Durante años, varios alimentos fueron etiquetados como “poco saludables” y evitados en dietas balanceadas. Sin embargo, investigaciones recientes de Harvard y Verywell Health muestran que muchos de ellos, en cantidades adecuadas y con métodos de preparación saludables, aportan nutrientes valiosos.
1. Verduras congeladas
Lejos de ser inferiores, mantienen sus nutrientes al congelarse en su punto óptimo de maduración. Incluso pueden superar en frescura a las verduras transportadas largas distancias.
2. Pescado enlatado
Variedades como el salmón y las sardinas conservan omega-3 y proteínas esenciales.
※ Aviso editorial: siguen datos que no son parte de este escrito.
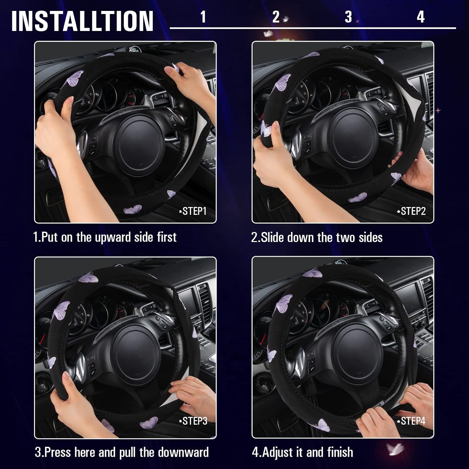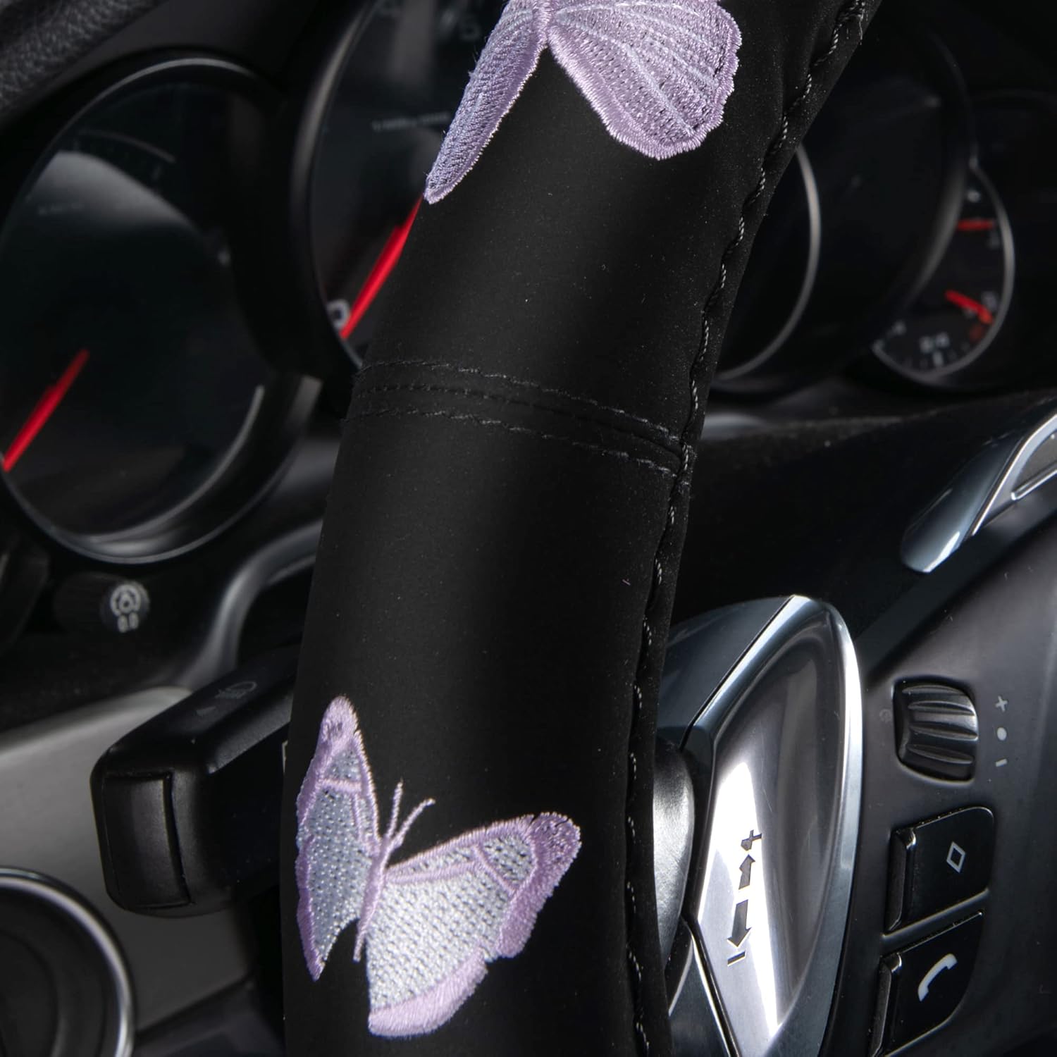 - EXQUISITE BUTTERFLY ON THE SURFACE OF STEERING WHEEL COVER-Feel Very comfortable when driving.Protect your hands from burning hot steering wheels in summer and ice cold ones in winter.

Harvard confirma que su consumo regular reduce riesgos cardiovasculares y cerebrovasculares.
3. Café
De dos a tres tazas al día se asocian con menor riesgo de enfermedades cardíacas y mortalidad. Los antioxidantes del café, incluso descafeinado, tienen beneficios comprobados.
4. Productos de soja
Desmitificados los supuestos efectos hormonales, la soja es fuente de proteína, grasas saludables e isoflavonas. Su consumo se relaciona con menor riesgo cardiovascular.
5. Papas
Su impacto depende del método de cocción. Preparadas hervidas, al vapor o al horno, son fuente de fibra, vitamina C y potasio, sin aumentar riesgos cardiometabólicos.
6. Palomitas de maíz
Cuando se preparan al aire y sin añadidos, son un snack integral bajo en calorías, rico en fibra y antioxidantes, ideal para la salud metabólica.
7. Huevos
El mito del colesterol ha sido reevaluado. Estudios en The BMJ señalan que consumir hasta un huevo al día no eleva el riesgo de enfermedad cardíaca en personas sanas.
Estos siete alimentos demuestran que las percepciones cambian con la evidencia científica. Incorporados en una dieta equilibrada, pueden ser aliados inesperados del bienestar y la salud.